Außerdem müssen Kriegsgefangene vor ein Militärgericht gestellt werden.

Allerdings bestreitet Russland, Konfliktpartei zu sein. Der Kriegsgefangenenstatus könnte aber auch dann gegeben sein, wenn anerkannt wäre, dass Sawtschenko von den Separatisten als Konfliktpartei direkt an die russischen Behörden übergeben worden wäre, wie Sawtschenko behauptet. Insofern argumentiert die Verteidigung, dass ihr der Status einer Kriegsgefangenen zusteht. Da sie im Rahmen einer militärischen Operation zur Evakuierung von Verwundeten in Uniform von den Separatisten gefangen genommen worden war, sei sie nach Art. 4 des III. Genfer Abkommens als Kriegsgefangene einzustufen, hat ihr Verteidiger, Mark Fejgin, argumentiert.

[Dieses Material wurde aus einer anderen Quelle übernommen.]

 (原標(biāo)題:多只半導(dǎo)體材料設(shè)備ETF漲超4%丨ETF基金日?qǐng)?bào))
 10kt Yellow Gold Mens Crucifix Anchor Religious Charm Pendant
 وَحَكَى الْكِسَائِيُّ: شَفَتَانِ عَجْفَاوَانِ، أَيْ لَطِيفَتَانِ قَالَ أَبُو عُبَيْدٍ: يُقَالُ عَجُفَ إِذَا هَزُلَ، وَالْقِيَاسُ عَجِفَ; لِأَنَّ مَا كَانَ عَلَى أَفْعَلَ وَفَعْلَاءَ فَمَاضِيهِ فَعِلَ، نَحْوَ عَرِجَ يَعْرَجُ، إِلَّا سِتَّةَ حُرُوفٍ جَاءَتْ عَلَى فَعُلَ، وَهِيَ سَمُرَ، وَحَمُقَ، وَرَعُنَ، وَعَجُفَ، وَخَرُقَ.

Die russischen Behörden haben es konsequent abgelehnt, Sawtschenko als Kriegsgefangene anzuerkennen. Dies wird damit begründet, dass Russland nicht Kriegspartei sei und dass Sawtschenko nicht durch die Separatisten (als mögliche Kriegspartei), sondern auf russischem Boden durch russische Behörden verhaftet wurde. Auch hier steht und fällt das Verfahren mit der Beweisfrage.

Fazit

Ein gerichtliches Urteil im Verfahren steht noch aus. Allerdings zeigt das Verfahren bereits mehrere Dinge: Der Fall ist einerseits ein erneuter Beweis für die Instrumentalisierung der russischen Justiz durch die Politik. Die Anklage ist deutlich voreingenommen und soll offensichtlich dazu dienen, die ukrainische Führung in der russischen Öffentlichkeit zu kriminalisieren. Die Nicht-Anerkennung der Immunität verletzt das Völkerrecht.

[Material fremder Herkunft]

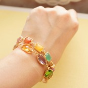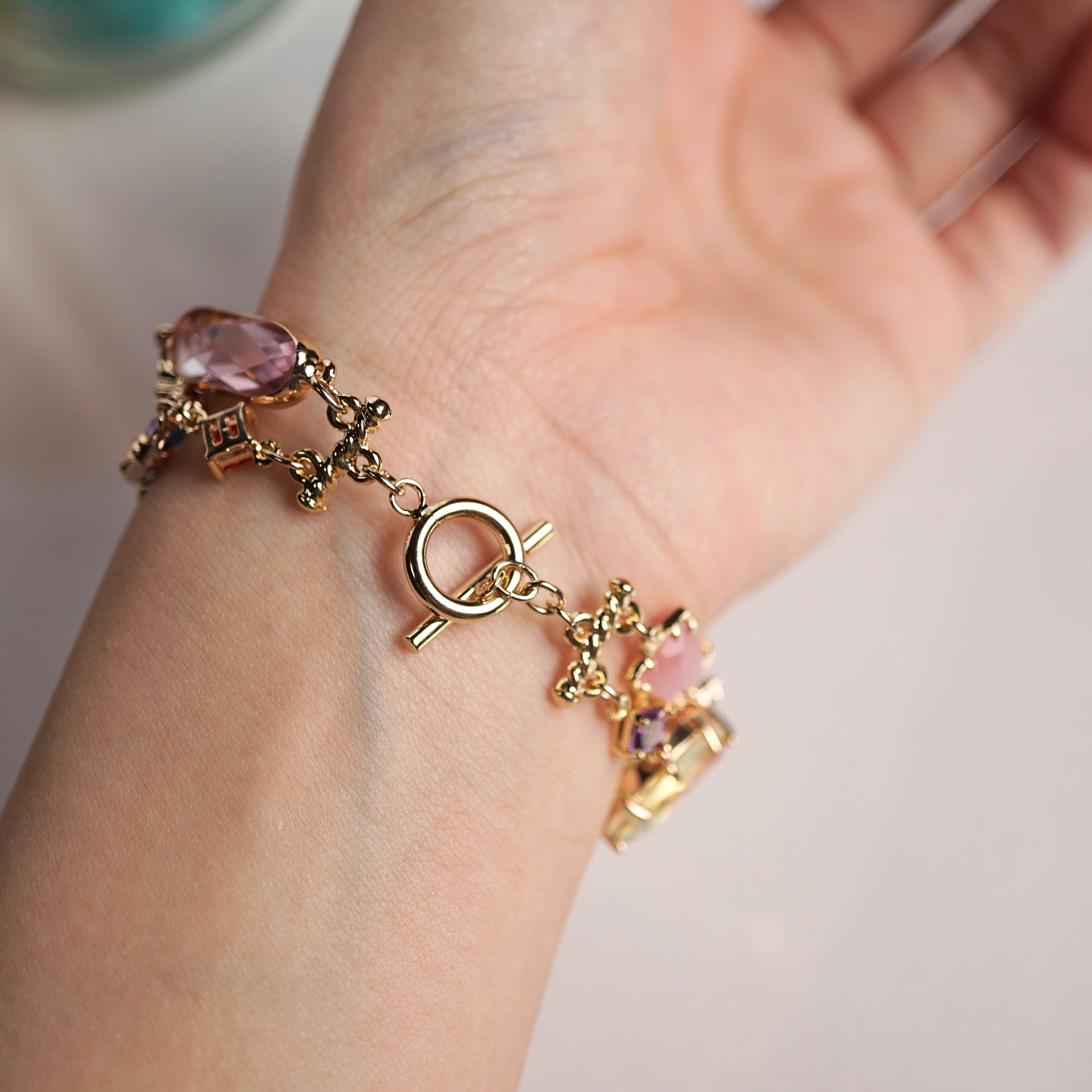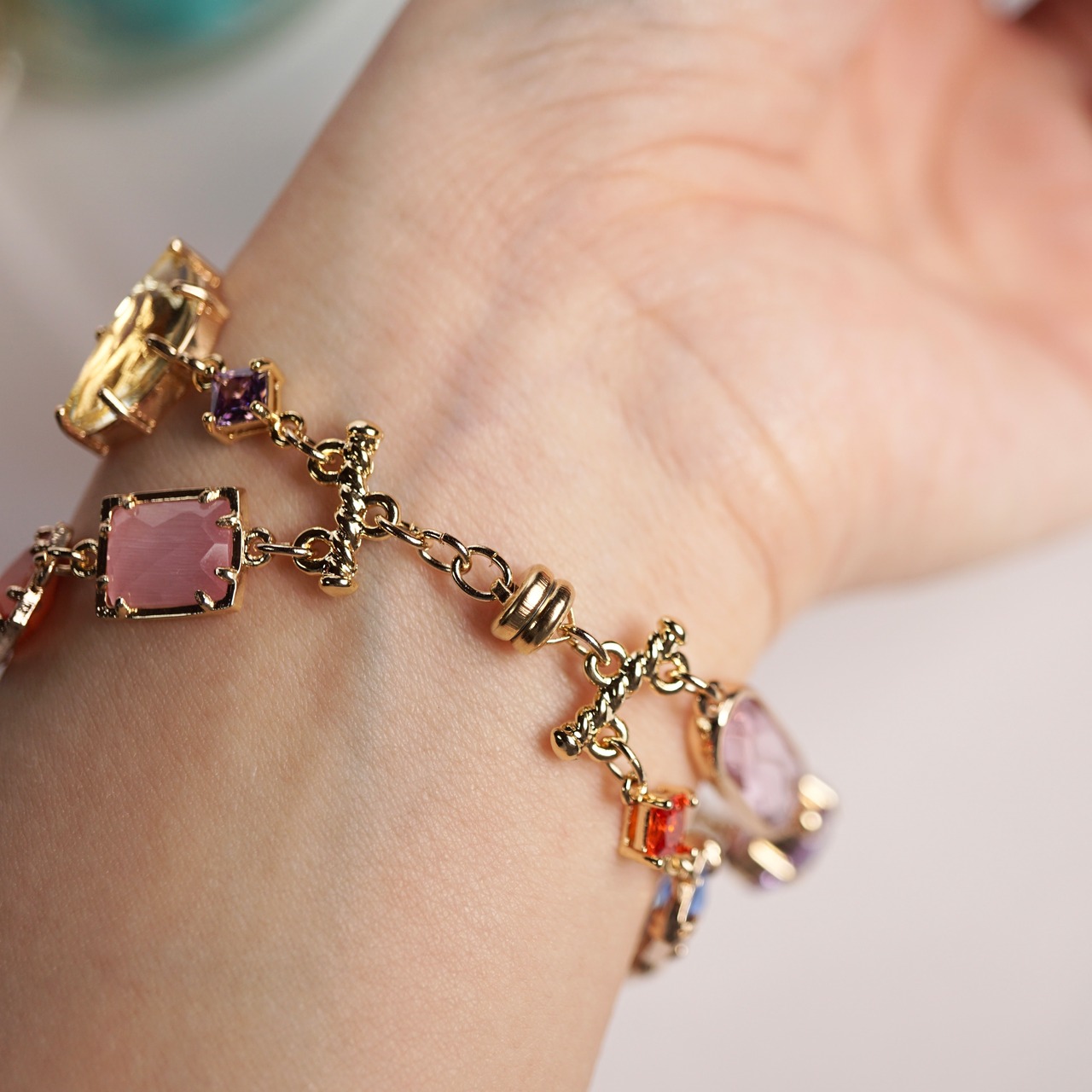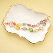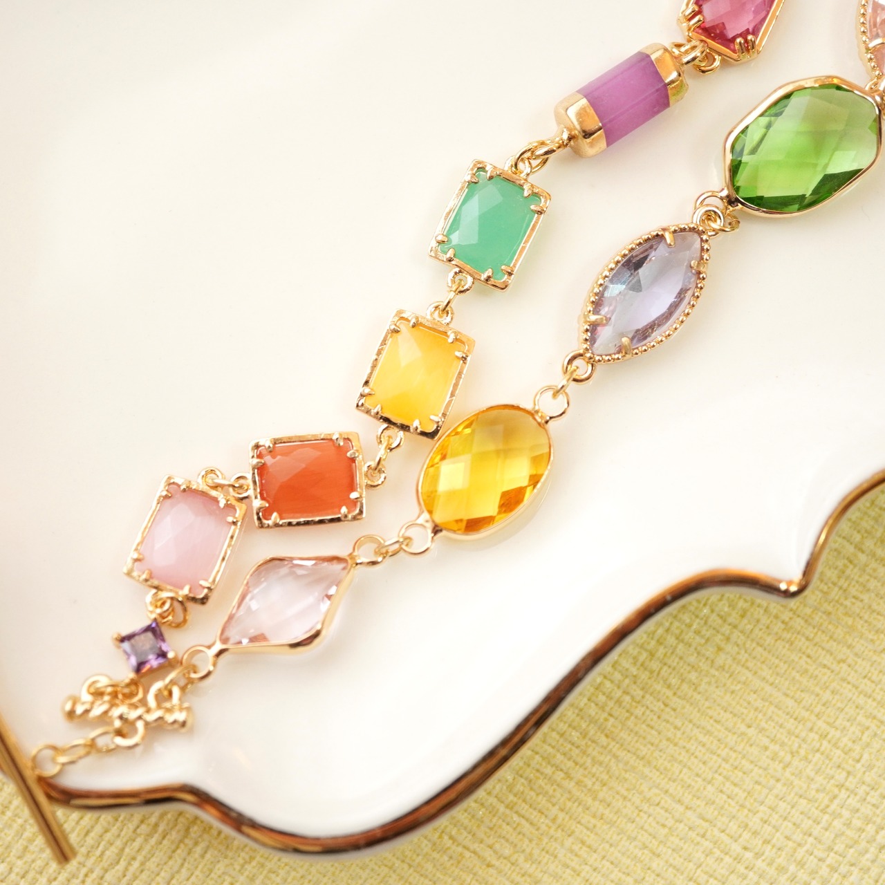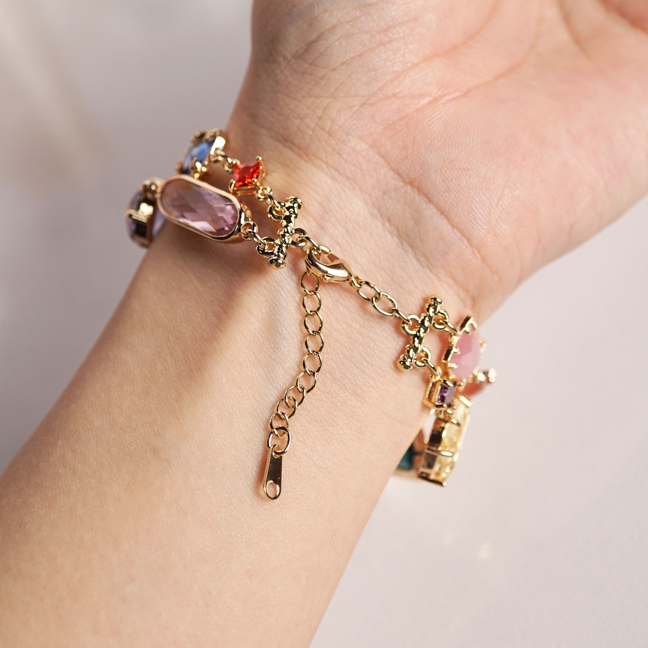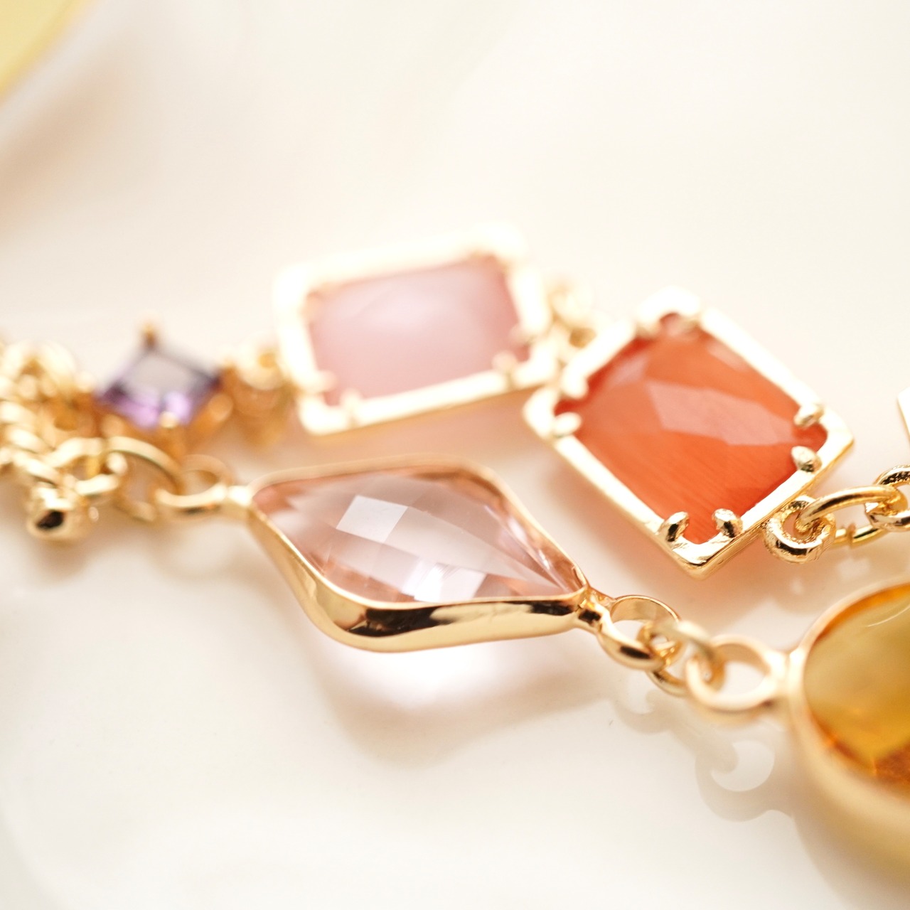 金具はゴールドで上品に仕上げました。いろんな色、形のガラスビジューで見る度に楽しいブレスレットに仕上げました。

Das Verfahren zeigt aber auch, welche völkerrechtlichen Probleme durch die Leugnung Russlands entstehen, Konfliktpartei zu sein. Wäre anerkannt, dass es sich bei den Kämpfen in der Ostukraine um einen zwischenstaatlichen Konflikt zwischen der Ukraine und Russland handelt, wäre ein solches Verfahren in vielen Punkten völkerrechtswidrig. Bereits der Streit darüber, ob Russland Konfliktpartei ist, legt nahe, dass über Schuld und Unschuld nicht vor einem russischen Gericht, sondern nur vor einem internationalen Gericht entschieden werden kann.

Sawtschenko hat bereits im Sommer Beschwerde beim Europäischen Gerichtshof für Menschenrechte eingelegt. Er wird feststellen müssen, dass die Inhaftierung haftrechtswidrig und das Verfahren unfair verlaufen ist (Art. 5,6 EMRK).